Figure 10 Heating temperature and heating rate versus time for a Sr.20/RMM sample annealed at 900° measured at 20 mg ml −1 in a field of 236 kHz, 80 Oe.
Finally, we present in figure 11 heating curves measured in a field of 236 kHz, 60 and 80 Oe at a concentration of 20 mg ml −1 of Sr.25/RMM/900° NPs in water and in oil. By comparison of the corresponding curves, one can see that the saturation temperature of the oil ferrofluid is about 4 ° higher and its specific loss power is two times greater than the corresponding parameters of the water ferrofluid. The observed better heating performance of the oil ferrofluid is assumed to result from its higher viscosity.
Figure 11 Heating curves for Sr.25/RMM/900 °C at a concentration of 20 mg ml −1 in oil (O) and water (W) measured in a field of 236 kHz with two amplitudes of 60 and 80 Oe.
4. Conclusion
By careful and systematic measurements of heating curves for ferrofluids of La 0.7 Sr x Ca 0.3−x NPs, several specific characteristics of heating effects have been indicated:
- Saturation heating temperature, which could be explained by T C -related fuse of heating.
- Two regions of temperature increase rate have been shown for which the heating characteristic temperature T b,heat is preliminarily assumed to relate to the magnetization onset temperature of the blocking type, T b,mag .

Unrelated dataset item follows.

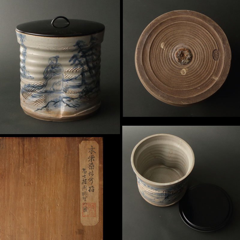 > 委託HK◇青木木米 染付高士楼閣眺望図水指(茶道具 陶磁器 陶芸 木屋佐兵衛 茶陶 染付 呉須 青花 絵付 京焼 古美術 古物 点前 茶席 茶事 )
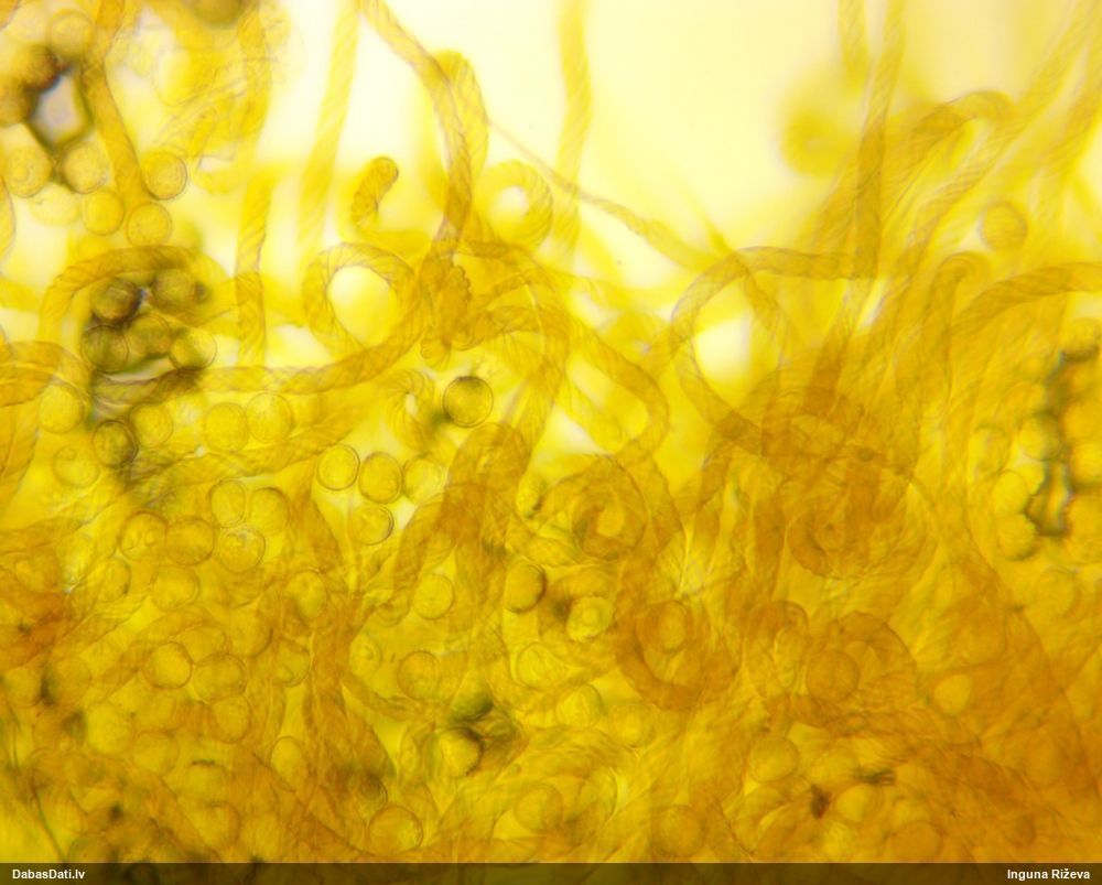 Šis man pašai sanāca pārsteigums. Ievācu paraugu ar domu "varbūt tur ir gļotsēne", dodot varbūtību apmēram pusprocentu, ka ir. Bet no mikroskopijas starp galīgi vecām sporām izdevās atrast ne tikai dažas labas, bet, galvenais, arī perfektus kapilīcija fragmentus, no kura suga, vēl kopā ar sporu pazīmēm, nosakāma nešaubīgi.

- Heating power versus heating field amplitude does not follow the square law for the case of high NP concentration. This suggests the existence of some strong dipolar interaction between the nanoparticles in dense ferrofluids.
Remarks (ii) and (iii) require more investigations to elucidate the relationship between heating characteristics and basic properties of the magnetic nanoparticle system.
Acknowledgments
The research has been done with financial support from a grant of the National Foundation for Science and Technology Development (Code: 103.02.48.09).